Copy word for word the lines in the records below, starting at the line with "Распределите несколько капель" and ending at the line with "The Red Beaker Challenge". Skip the pictures.

- _Data shown_:
━━━━━━━━━━━━━━━━━━━━━━━━━━━━━━

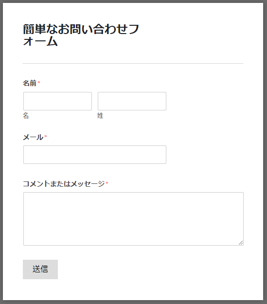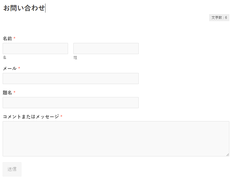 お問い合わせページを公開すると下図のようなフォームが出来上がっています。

━━━━━━━━━━━━━━━━━━━━━━━━━━━━━━

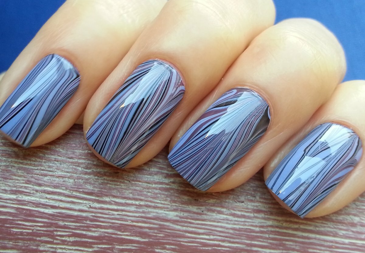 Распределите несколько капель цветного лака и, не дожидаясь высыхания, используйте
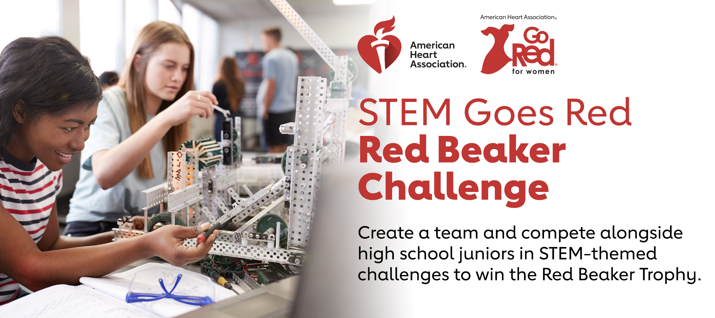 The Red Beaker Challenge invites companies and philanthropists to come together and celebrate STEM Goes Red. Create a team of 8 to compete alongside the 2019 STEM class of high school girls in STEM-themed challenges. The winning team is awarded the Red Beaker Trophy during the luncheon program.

━━━━━━━━━━━━━━━━━━━━━━━━━━━━━━

- _Answer to this problem_:
 Распределите несколько капель цветного лака и, не дожидаясь высыхания, используйте
 The Red Beaker Challenge invites companies and philanthropists to come together and celebrate STEM Goes Red. Create a team of 8 to compete alongside the 2019 STEM class of high school girls in STEM-themed challenges. The winning team is awarded the Red Beaker Trophy during the luncheon program.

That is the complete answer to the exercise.